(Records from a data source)
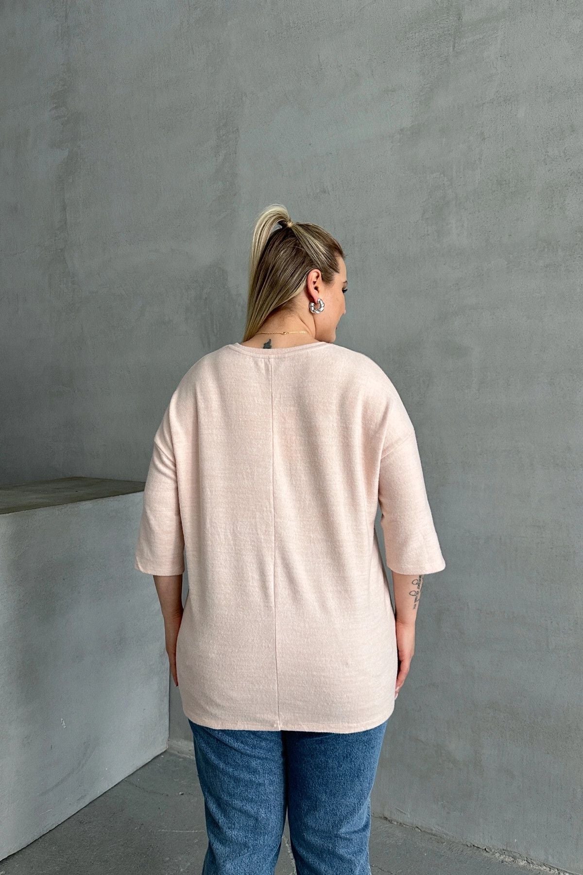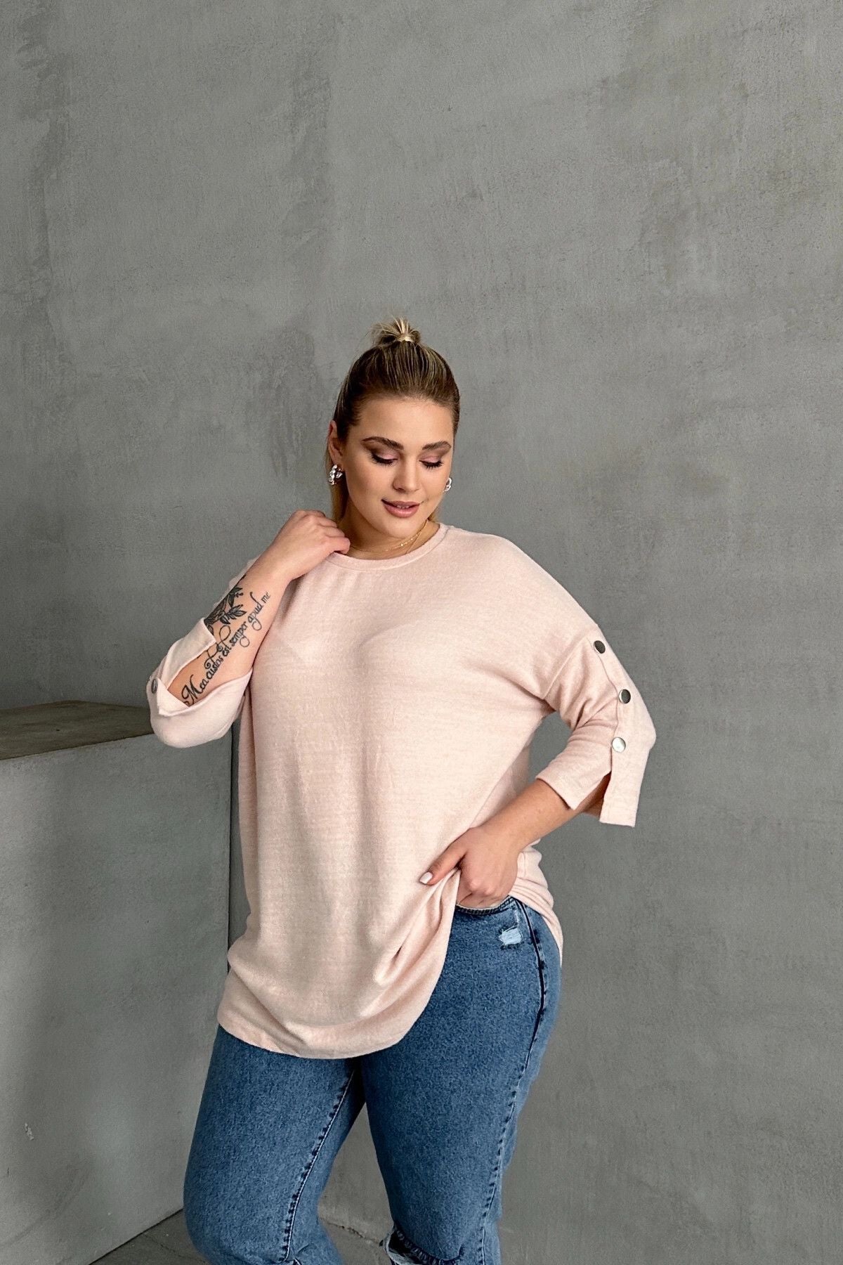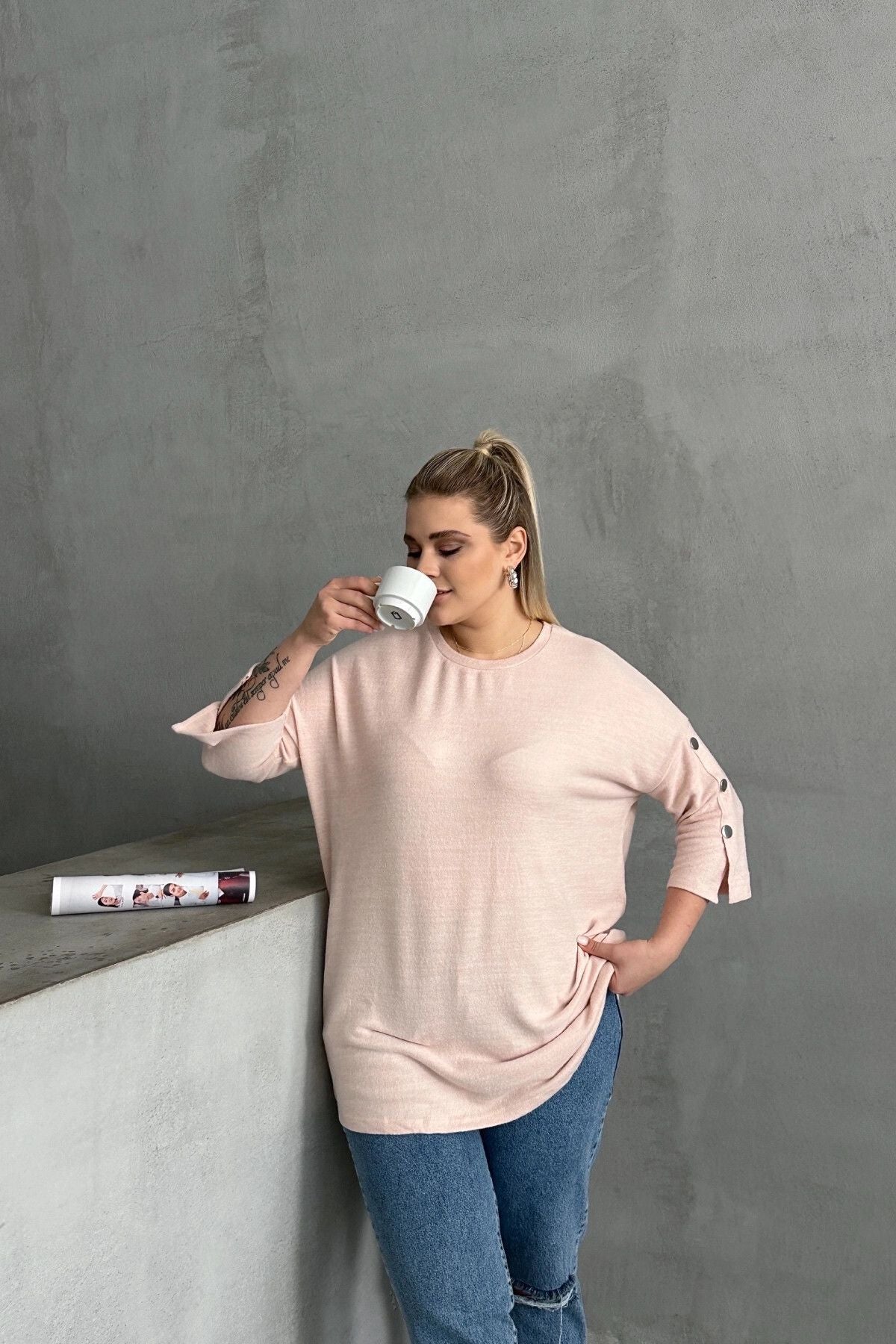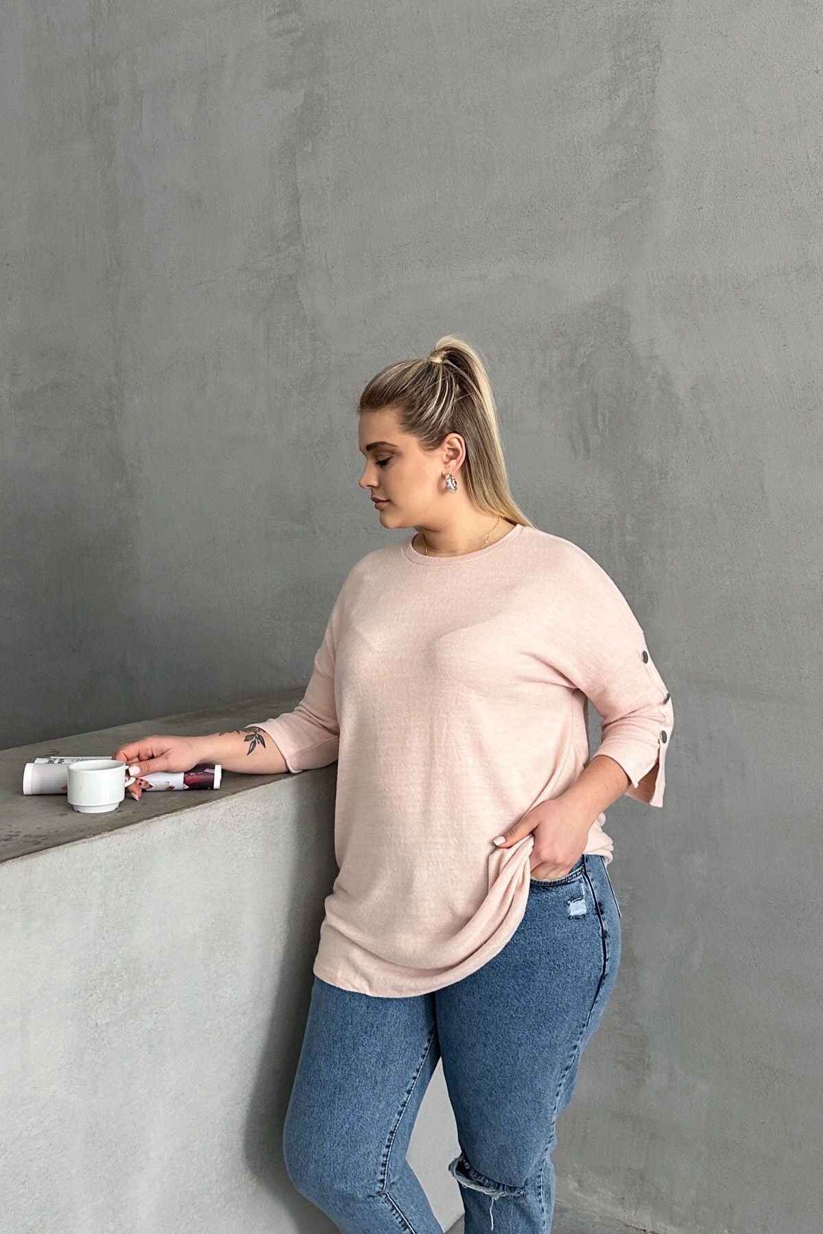 Büyük Beden Yarım Kollu Bisiklet Yaka Düğme Detaylı Kazak 303072
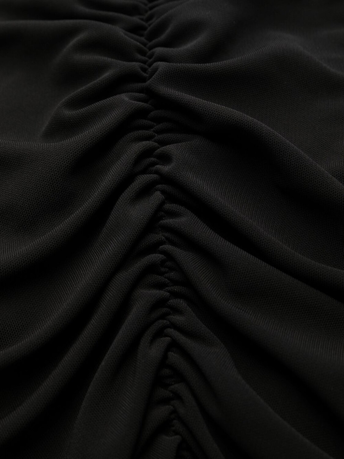 Детали с оборками, круглый вырез, потайная застежка на молнии сзади и длинные рукава. Цвет: черный.
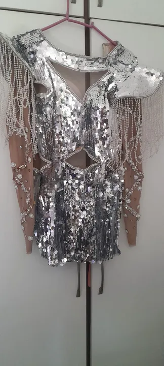 Abale no carnaval com essa fantasia, todo em sequência prata, com detalhes em franjas. Vai com a saia de miçangas .Perfeito para ocasiões especiais! É um macaquinho, veste 40
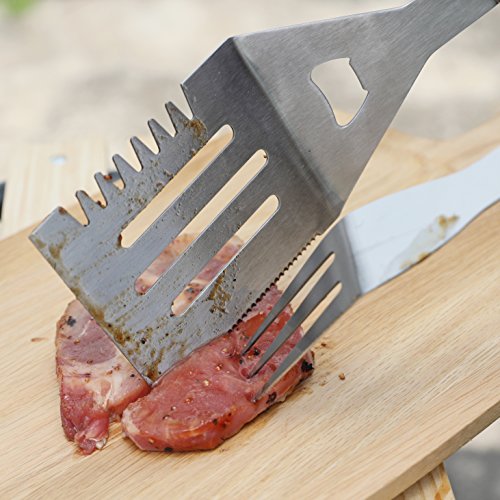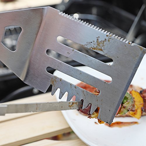- The Most Complete and Professional Kit - Our BBQ grill set contains almost everything you need for grilling, includes 1 spatula (that has 4 functions), 1 tong, 1 fork, 1 knife, 1 brush, 1 basting brush, 4 skewers, 8 corn holders.
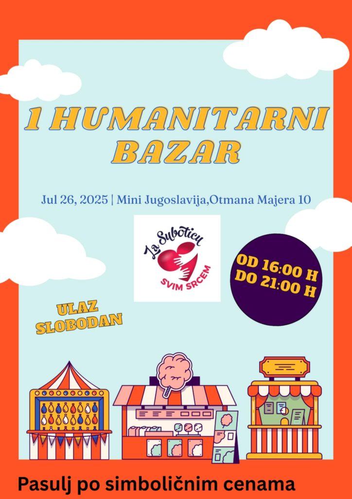 Udruženje „Za Suboticu svim srcem“ organizuje svoj prvi humanitarni bazar u subotu, 26. jula, u parku Mini Jugoslavija, u vremenu od 16 do 21 čas, sa ciljem promocije lokalnih proizvođača i ručnih radinosti i prikupljanja pomoći za rad ovog udruženja.
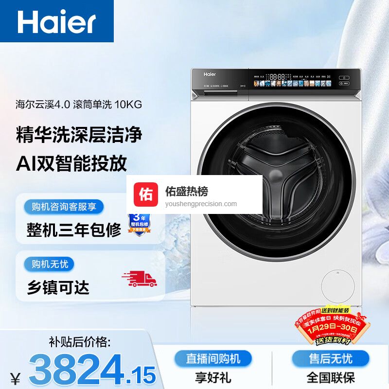 海尔(Haier)云溪4.0 滚筒洗衣机单洗全自动家用 10KG超薄 家电国家补贴 京东自营直驱58¥
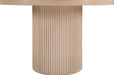 Give your dining room or eat-in kitchen a casual vibe with this Belinda dining table. A solid wood base and resilient construction offers impeccable durability and remarkable beauty. The round top rests on the fluted base, providing oodles of elbow room for family and friends to get comfortable while they nosh on their meal. The chair's made from wood and wood products for resilience, and its neutral finish lets it mesh well with the dining chairs or stools of your choice.
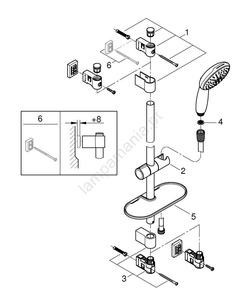 • Possibilidade de montagem com parafusos (incluídos na embalagem) ou colagem (a cola GROHE QuickGlue S 41 247 000 é vendida separadamente, são necessárias 2 unidades).
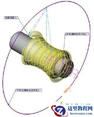 6. 点击扫描切除命令,选择“草图3”为轮廓,螺旋线为路径,添加涡状线为引导线,点击确定。
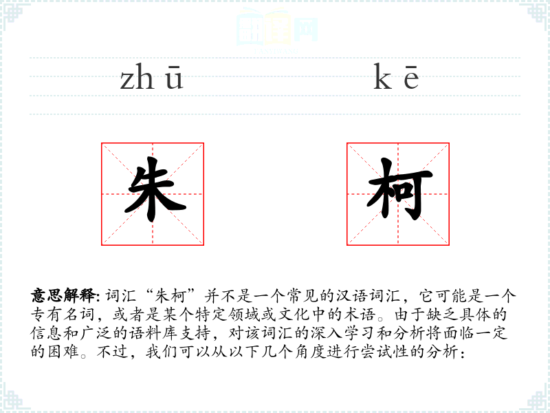 词汇“朱柯”并不是一个常见的汉语词汇,它可能是一个专有名词,或者是某个特定领域或文化中的术语。由于缺乏具体的信息和广泛的语料库支持,对该词汇的深入学习和分析将面临一定的困难。不过,我们可以从以下几个角度进行尝试性的分析:
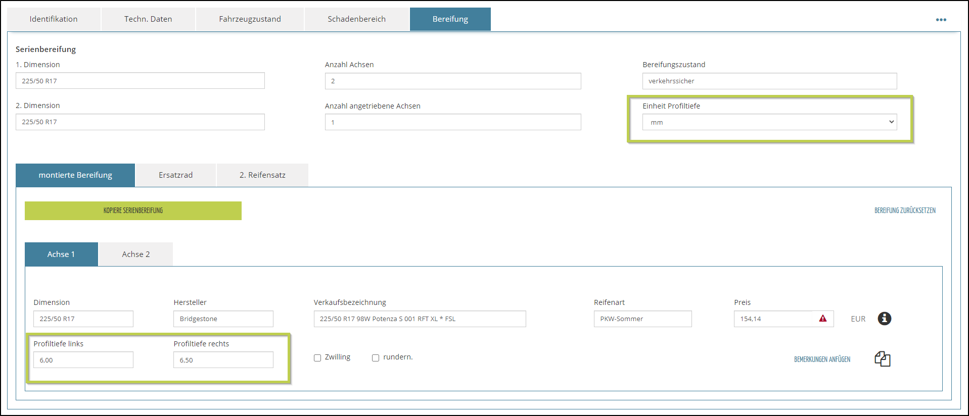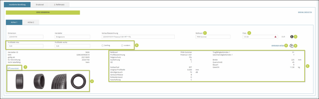 Sie können jetzt die Profiltiefe erfassen und ggf. die Optionen Zwilling und runderneuert aktivieren. (6)
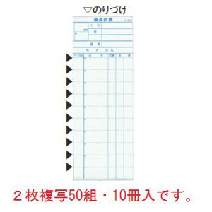 伝票 会計表 2P50組・10冊入です。 【外寸】85×190mm ■複写多状ミシン目入り伝票 お客さまのオーダーが一度で決まらず追加オーダーが多い場合や厨房と客席が 離れている場合に使用します。<br
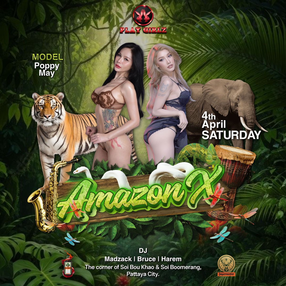 Step into the untamed Amazon β Playgirlz style! β’πΏ An Amazon Fantasy Like No Other: Bangkokβs top models: Tangmo & Poppy π Live drummers & saxophonists electrifying the jungle π·π₯ Exotic snakes, lizards, and wild animals π β’Over 60 Playgirlz Models in full Amazon-inspired outfits π₯ β’πΆ Beats of the Jungle: Afro House & House all night with DJ Madzak & DJ Naru, powered by JΓ€germeister β’β¨ VIP Experience: Secure your Private VIP or Floor Table via our website or DM on WhatsApp/social media. Spots are limited!
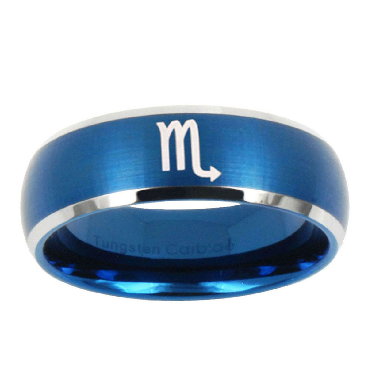 Style the 10mm Scorpio Horoscope Dome Brushed Blue 2 Tone Tungsten Carbide Bands Ring. This blue and black 2-tone dome ring with Scorpio Horoscope design is perfect for men.
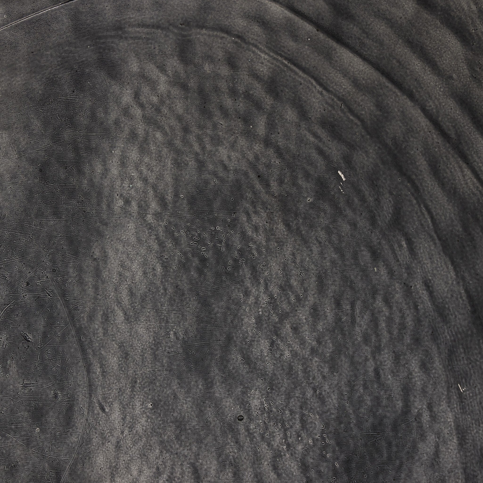 Slim, airy bases of black-finished iron support two varied-height nesting tables of smoked black glass. Designed to bunch or pull apart as desired, with ease.
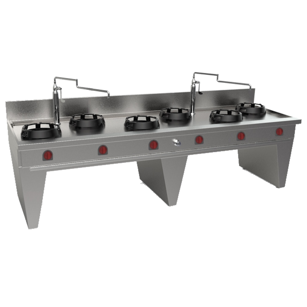 EURAST - Gekühltes wok mit 6 gasbrennern 2 träger, 2 wassersäulen - 3000x900x850 mm - 105 Kw - 32309DEM
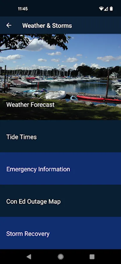 A weather section, showing storm information, weather forecasts, tides, emergency info and Con Ed outage maps.
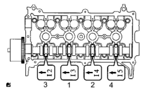 NOTE: Tighten each bolt uniformly, keeping the camshaft level.
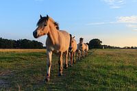 Aan de rand van een Nederlands natuurgebied lopen paarden. Ze komen in een rij achter me aan wanneer ik een veld oversteek. Ze worden mooi beschenen door het avondlicht.
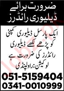 Delivery Company Islamabad, islamabad Islamabad Pakistan invites applications from eligible candidates for the post of delivery rider as per advertisement of November 13, 2022 published in daily Express Newspaper. Educational qualifications required Middle, Intermediate and Matric etc.

■ Exercise aim ■
Copy out all the data above exactly as written. Skip the pictures.

■ Exercise answer ■
 Büyük Beden Yarım Kollu Bisiklet Yaka Düğme Detaylı Kazak 303072
 Детали с оборками, круглый вырез, потайная застежка на молнии сзади и длинные рукава. Цвет: черный.
 Abale no carnaval com essa fantasia, todo em sequência prata, com detalhes em franjas. Vai com a saia de miçangas .Perfeito para ocasiões especiais! É um macaquinho, veste 40
- The Most Complete and Professional Kit - Our BBQ grill set contains almost everything you need for grilling, includes 1 spatula (that has 4 functions), 1 tong, 1 fork, 1 knife, 1 brush, 1 basting brush, 4 skewers, 8 corn holders.
 Udruženje „Za Suboticu svim srcem“ organizuje svoj prvi humanitarni bazar u subotu, 26. jula, u parku Mini Jugoslavija, u vremenu od 16 do 21 čas, sa ciljem promocije lokalnih proizvođača i ručnih radinosti i prikupljanja pomoći za rad ovog udruženja.
 海尔(Haier)云溪4.0 滚筒洗衣机单洗全自动家用 10KG超薄 家电国家补贴 京东自营直驱58¥
 Give your dining room or eat-in kitchen a casual vibe with this Belinda dining table. A solid wood base and resilient construction offers impeccable durability and remarkable beauty. The round top rests on the fluted base, providing oodles of elbow room for family and friends to get comfortable while they nosh on their meal. The chair's made from wood and wood products for resilience, and its neutral finish lets it mesh well with the dining chairs or stools of your choice.
 • Possibilidade de montagem com parafusos (incluídos na embalagem) ou colagem (a cola GROHE QuickGlue S 41 247 000 é vendida separadamente, são necessárias 2 unidades).
 6. 点击扫描切除命令,选择“草图3”为轮廓,螺旋线为路径,添加涡状线为引导线,点击确定。
 词汇“朱柯”并不是一个常见的汉语词汇,它可能是一个专有名词,或者是某个特定领域或文化中的术语。由于缺乏具体的信息和广泛的语料库支持,对该词汇的深入学习和分析将面临一定的困难。不过,我们可以从以下几个角度进行尝试性的分析:
 Sie können jetzt die Profiltiefe erfassen und ggf. die Optionen Zwilling und runderneuert aktivieren. (6)
 伝票 会計表 2P50組・10冊入です。 【外寸】85×190mm ■複写多状ミシン目入り伝票 お客さまのオーダーが一度で決まらず追加オーダーが多い場合や厨房と客席が 離れている場合に使用します。<br
 Step into the untamed Amazon β Playgirlz style! β’πΏ An Amazon Fantasy Like No Other: Bangkokβs top models: Tangmo & Poppy π Live drummers & saxophonists electrifying the jungle π·π₯ Exotic snakes, lizards, and wild animals π β’Over 60 Playgirlz Models in full Amazon-inspired outfits π₯ β’πΆ Beats of the Jungle: Afro House & House all night with DJ Madzak & DJ Naru, powered by JΓ€germeister β’β¨ VIP Experience: Secure your Private VIP or Floor Table via our website or DM on WhatsApp/social media. Spots are limited!
 Style the 10mm Scorpio Horoscope Dome Brushed Blue 2 Tone Tungsten Carbide Bands Ring. This blue and black 2-tone dome ring with Scorpio Horoscope design is perfect for men.
 Slim, airy bases of black-finished iron support two varied-height nesting tables of smoked black glass. Designed to bunch or pull apart as desired, with ease.
 EURAST - Gekühltes wok mit 6 gasbrennern 2 träger, 2 wassersäulen - 3000x900x850 mm - 105 Kw - 32309DEM
 A weather section, showing storm information, weather forecasts, tides, emergency info and Con Ed outage maps.
 NOTE: Tighten each bolt uniformly, keeping the camshaft level.
 Aan de rand van een Nederlands natuurgebied lopen paarden. Ze komen in een rij achter me aan wanneer ik een veld oversteek. Ze worden mooi beschenen door het avondlicht.
 Delivery Company Islamabad, islamabad Islamabad Pakistan invites applications from eligible candidates for the post of delivery rider as per advertisement of November 13, 2022 published in daily Express Newspaper. Educational qualifications required Middle, Intermediate and Matric etc.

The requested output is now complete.